Needed from the data below: every line from the one with "Την ώρα που" up to and including the one with "Leslie Fay V-Neck", repeated exactly and with nothing else.

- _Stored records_
----------

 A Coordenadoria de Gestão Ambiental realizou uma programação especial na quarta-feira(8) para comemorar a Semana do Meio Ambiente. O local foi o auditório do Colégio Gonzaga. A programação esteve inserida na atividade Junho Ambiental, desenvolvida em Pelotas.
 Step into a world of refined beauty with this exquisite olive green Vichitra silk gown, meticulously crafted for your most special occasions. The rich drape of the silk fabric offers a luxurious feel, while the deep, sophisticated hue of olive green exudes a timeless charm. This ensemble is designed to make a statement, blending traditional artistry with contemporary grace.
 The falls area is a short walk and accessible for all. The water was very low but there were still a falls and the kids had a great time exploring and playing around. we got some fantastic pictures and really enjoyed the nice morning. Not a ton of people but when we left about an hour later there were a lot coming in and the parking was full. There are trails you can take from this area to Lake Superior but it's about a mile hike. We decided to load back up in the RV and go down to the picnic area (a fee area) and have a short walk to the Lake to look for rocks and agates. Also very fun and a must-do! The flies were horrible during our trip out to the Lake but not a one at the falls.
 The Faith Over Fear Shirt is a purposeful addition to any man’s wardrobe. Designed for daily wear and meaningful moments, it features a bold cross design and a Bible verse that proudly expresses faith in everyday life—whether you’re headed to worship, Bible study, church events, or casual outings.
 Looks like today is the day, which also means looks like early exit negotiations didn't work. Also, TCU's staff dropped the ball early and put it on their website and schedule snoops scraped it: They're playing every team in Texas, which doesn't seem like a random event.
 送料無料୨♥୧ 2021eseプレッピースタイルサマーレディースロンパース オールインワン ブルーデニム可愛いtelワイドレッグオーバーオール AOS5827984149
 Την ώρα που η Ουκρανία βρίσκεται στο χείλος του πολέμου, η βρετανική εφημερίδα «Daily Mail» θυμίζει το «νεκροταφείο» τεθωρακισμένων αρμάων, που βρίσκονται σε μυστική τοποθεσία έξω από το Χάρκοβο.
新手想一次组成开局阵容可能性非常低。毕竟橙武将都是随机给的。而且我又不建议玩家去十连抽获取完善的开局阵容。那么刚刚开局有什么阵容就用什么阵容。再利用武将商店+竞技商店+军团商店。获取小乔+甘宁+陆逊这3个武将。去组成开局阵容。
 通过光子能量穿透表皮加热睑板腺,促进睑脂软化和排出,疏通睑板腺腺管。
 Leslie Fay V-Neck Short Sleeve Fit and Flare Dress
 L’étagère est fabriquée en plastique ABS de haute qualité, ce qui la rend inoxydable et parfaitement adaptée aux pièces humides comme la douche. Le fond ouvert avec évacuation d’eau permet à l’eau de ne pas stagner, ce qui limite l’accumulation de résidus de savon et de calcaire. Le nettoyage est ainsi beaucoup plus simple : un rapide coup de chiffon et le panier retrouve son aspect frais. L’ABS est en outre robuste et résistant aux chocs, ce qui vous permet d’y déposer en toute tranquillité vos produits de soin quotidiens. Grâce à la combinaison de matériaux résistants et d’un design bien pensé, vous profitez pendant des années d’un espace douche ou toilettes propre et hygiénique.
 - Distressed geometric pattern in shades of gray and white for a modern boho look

----------

- _Exercise solution_
 Την ώρα που η Ουκρανία βρίσκεται στο χείλος του πολέμου, η βρετανική εφημερίδα «Daily Mail» θυμίζει το «νεκροταφείο» τεθωρακισμένων αρμάων, που βρίσκονται σε μυστική τοποθεσία έξω από το Χάρκοβο.
新手想一次组成开局阵容可能性非常低。毕竟橙武将都是随机给的。而且我又不建议玩家去十连抽获取完善的开局阵容。那么刚刚开局有什么阵容就用什么阵容。再利用武将商店+竞技商店+军团商店。获取小乔+甘宁+陆逊这3个武将。去组成开局阵容。
 通过光子能量穿透表皮加热睑板腺,促进睑脂软化和排出,疏通睑板腺腺管。
 Leslie Fay V-Neck Short Sleeve Fit and Flare Dress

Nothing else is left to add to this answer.